Two pages are printed on Tuesdays, four on Wednesday mornings, and the remaining four are left to be filled with the late news on Wednesday, to be completed by about 8.30 to 9 p.m., and put to bed about 15 minutes afterwards.
ZERO HOUR
Wednesday night on the “stone” is the most exciting and strenuous time of the week. Copy is pouring down from upstairs to the linotype room, the machines are in full operation, chattering like machine-guns; advertisements, perhaps, have come in late, and stone-hands are anxiously watching space, for it is possible to “over-set” and to find yourself with two or three columns too much for your space.
The stone-hands are experienced in this work, however, and it is seldom that this happens.
Slowly the space is filled up, there are awkward little spots at the foot of columns to be filled up, but resourceful workers on the stone by juggling with type and the aid of small “fill-ups” finally get the formes filled, and there is a great to-do of flattening and testing, and then the last four formes are carried to the machine.

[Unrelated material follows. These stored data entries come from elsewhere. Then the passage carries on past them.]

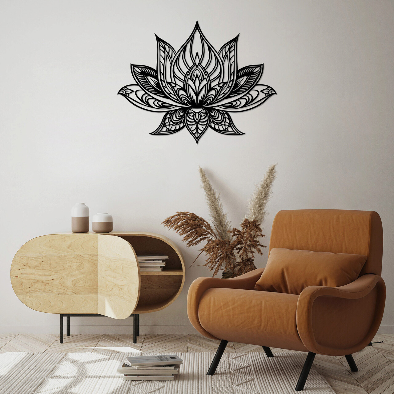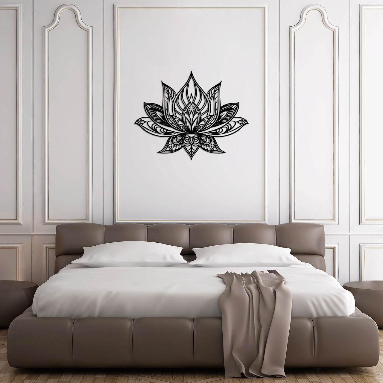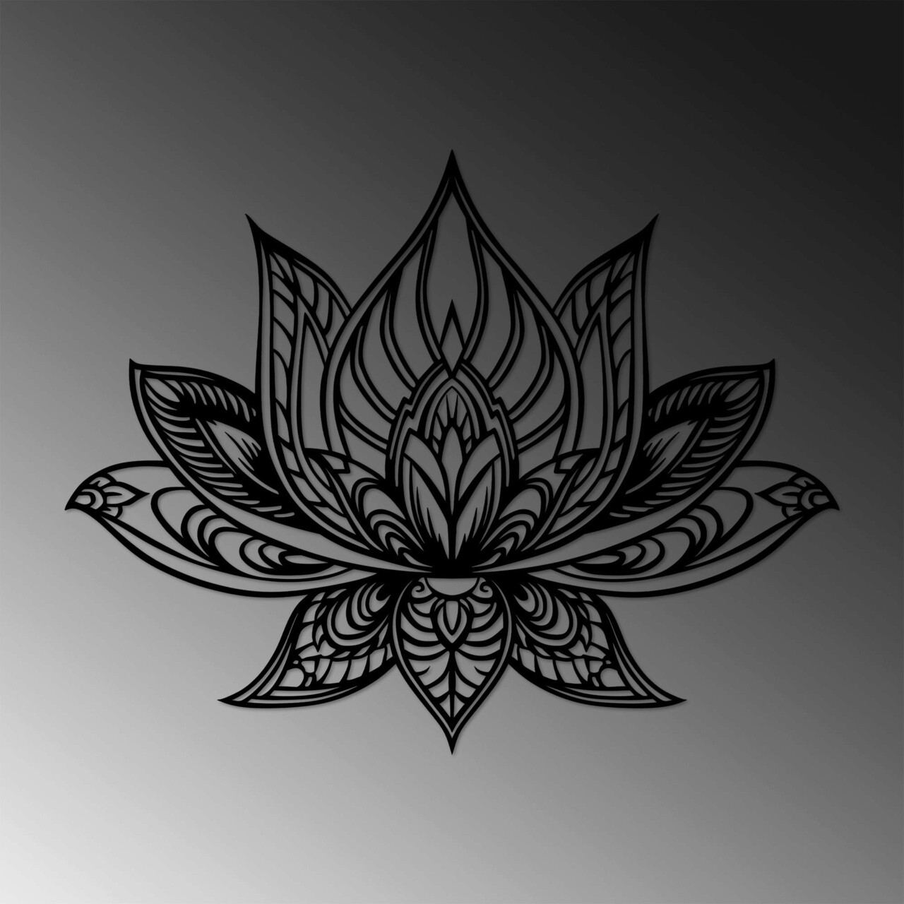 Decoratiune de perete, Lotus Flower, Metal, Dimensiune: 70 x 44 cm, Negru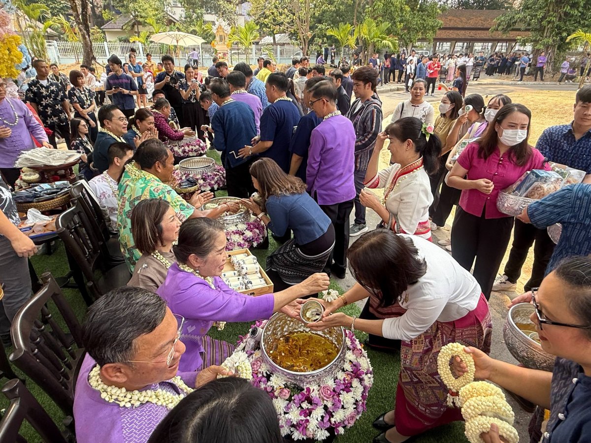 นางฐิติมา เร่งประเสริฐ ศึกษาธิการจังหวัดเชียงราย มอบหมายให้ นางสาวจันทร์แสง พรมสี รองศึกษาธิการจังหวัดเชียงราย นำคณะร่วมพิธีสูมาคารวะสระเกล้าดำหัว ป้อเมืองเจียงฮาย ป๋าเวณีปี๋ใหม่เมือง ประจำปี 2569 ณ จวนผู้ว่าราชการจังหวัดเชียงราย อำเภอเมืองเชียงราย จังหวัดเชียงราย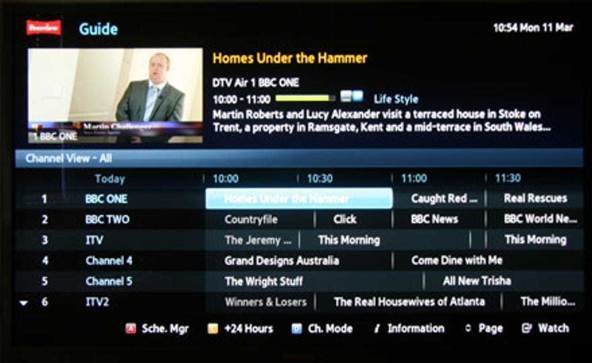 This model’s programming guide is very impressive too. It’s got pretty much everything you’d want from a guide, including a video window at the top so you can carry on watching a programme while checking the EPG to see what’s on later in the evening. The programming information is simply laid out across a landscape grid and the text is crisp and easy to read from a distance.
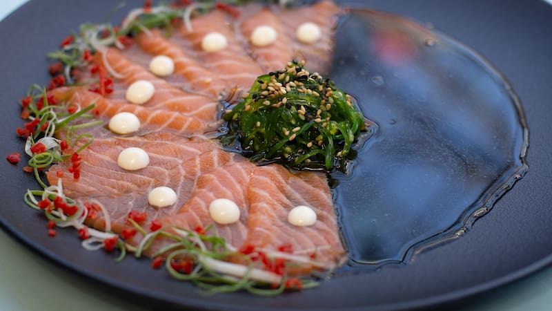 La salsa ponzu es un básico de la cocina japonesa, y su receta original lleva yuzu, un cítrico oriental. Por eso, el chef Sebastián Jara @seba_jara_) nos comparte su versión con naranja, que crea un exquisito sabor cítrico para el salmón. Además, le agrega una emulsión de mayonesa con concentrado de yuzu, que se puede encontrar en las tiendas de comida china. Si no, se puede hacer perfectamente con limón o limón de pica. Lo importante, es que la salsa quede homogénea, y luego al servir, se puede jugar con la decoración.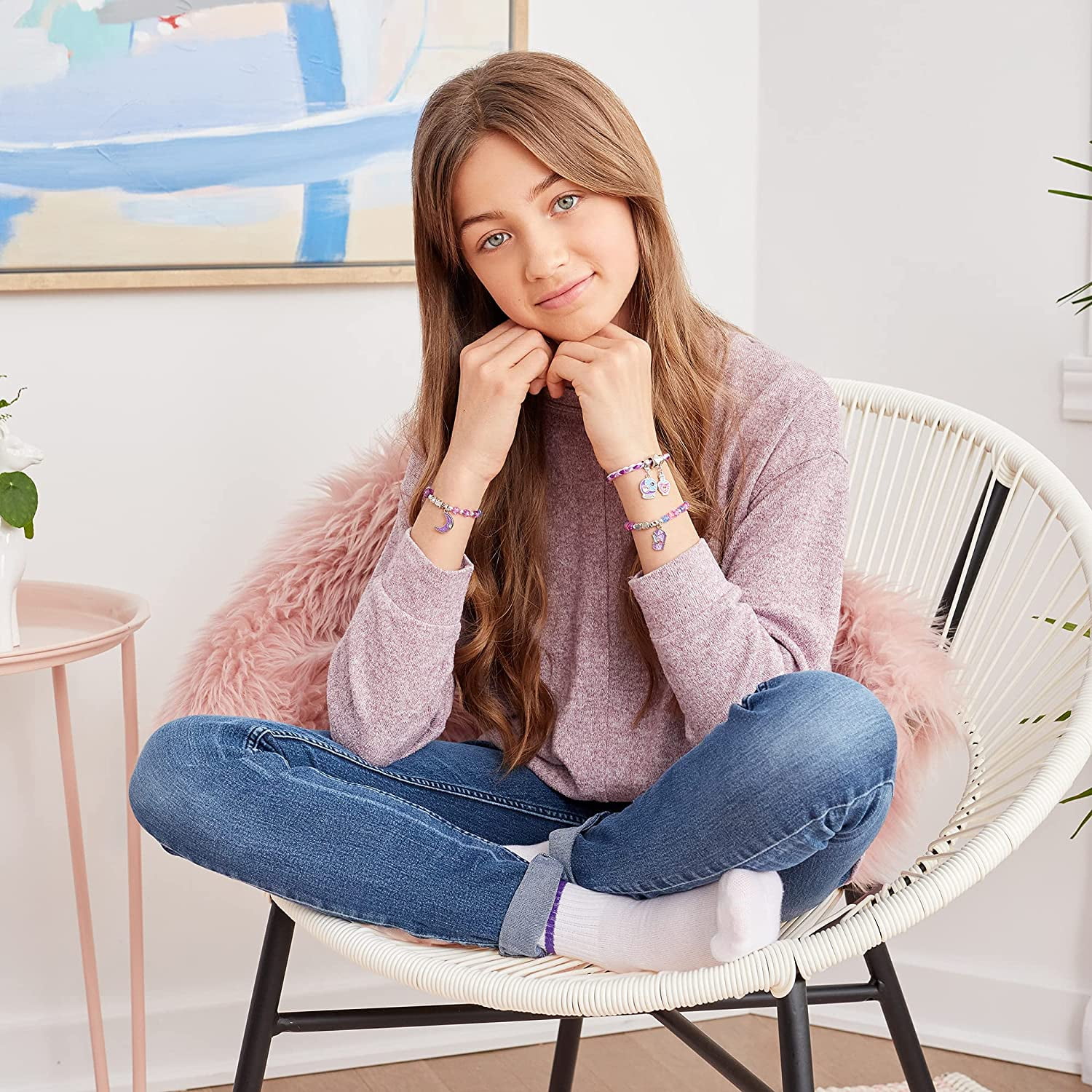 Make 8 magical bracelets with the Make It Real Crystal Dreams: Spellbinding Jewels & Gems Charm Bracelet Making Kit! Take craft day up a notch and make friendship bracelets or cute accessories with hundreds of bright beads and spellbinding charms with Swarovski Crystals. This jewelry making kit comes with everything needed to make 8 mystical bracelets, including a bead tray to keep things organized and simple. Pack up the jewelry making supplies when playtime is over for easy cleanup & storage! Creating their own beautiful jewelry helps young girls develop fine-motor, visual, and tactile-sensory skills – all while having fun and expressing themselves! Safe for ages 8 and up, these personalized DIY charm bracelets make perfect friendship bracelets & cute accessories to show off for any occasion!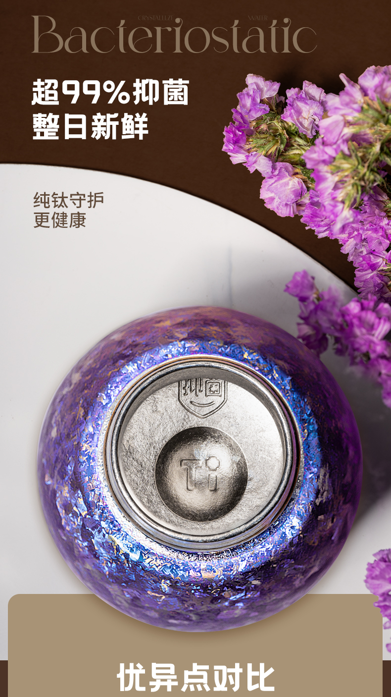新款钛杯纯钛保温水杯轻巧便携办公养生结晶冰花抑菌保鲜泡茶杯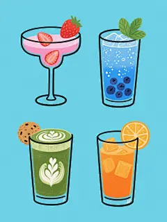 饮品系列卡通感红色高脚杯新风格饮料元素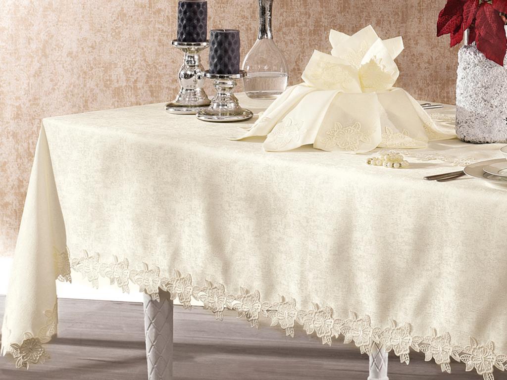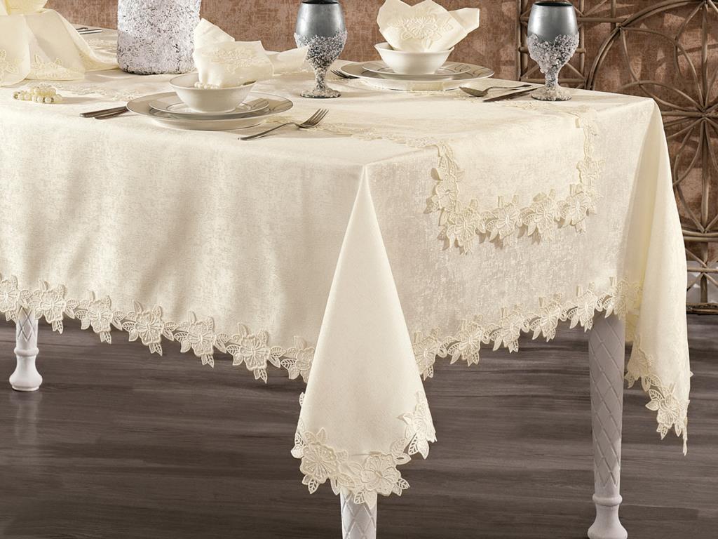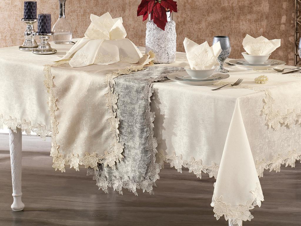 Masa Örtüsünün Dört Kenarı ve Runner uçları Fransız Taşlı Güpürleri ile süslenerek özel bir tasarım oluşturulmuştur.

The most terrible thing that can happen on a Wednesday night (or indeed any other time) is to drop one of these formes, and see the type go “pie,” thousands of lines scattered haphazard on the floor with several hours’ work necessary to sort them back into the right order again!
Happily this seldom happens (we hope we are not inviting ill-luck this Wednesday evening by saying this!) and by 9 to 9.30 we are safe on the machine.
“O.K!”
The first two copies are carefully scrutinised and examined for errors previously undetected, then when the Editor gives the “O.K.,” the machine starts on its first 1,000. The major portion of the first edition of the paper is ready for the sellers by 6 p.m. on Thursday.
There are other departments to our establishment, including the printers’ “hell,” where cast type is melted to make ingots, to be fed again to the linotypes next week; the paper room, where (as its name indicates) various kinds of paper is stocked, and the hand-setting room on the top floor, where the contents bills are set.
Alas! our office has not the picturesqueness of those peculiar establishments in New York or Chicago newspaperdom as depicted on the screen. We do not sit at our type-writers with our hats on, and our ties off, chewing cigars, and at odd moments wisecracking into a telephone.
However, there is excitement enough in bringing out the Leader—though you may call it the local rag … and after all, don’t all the newspaper magnates who beat their drums and thunder out their condemnation of governments always agree that the “weeklies” are the backbone of journalism in Great Britain?
There are no dominating personalities here to be referred to; the Leader staff is a team, pulling together.
So let me end by expressing the hope that I have provided you with some interest in giving you a glimpse “behind the scenes” in our office.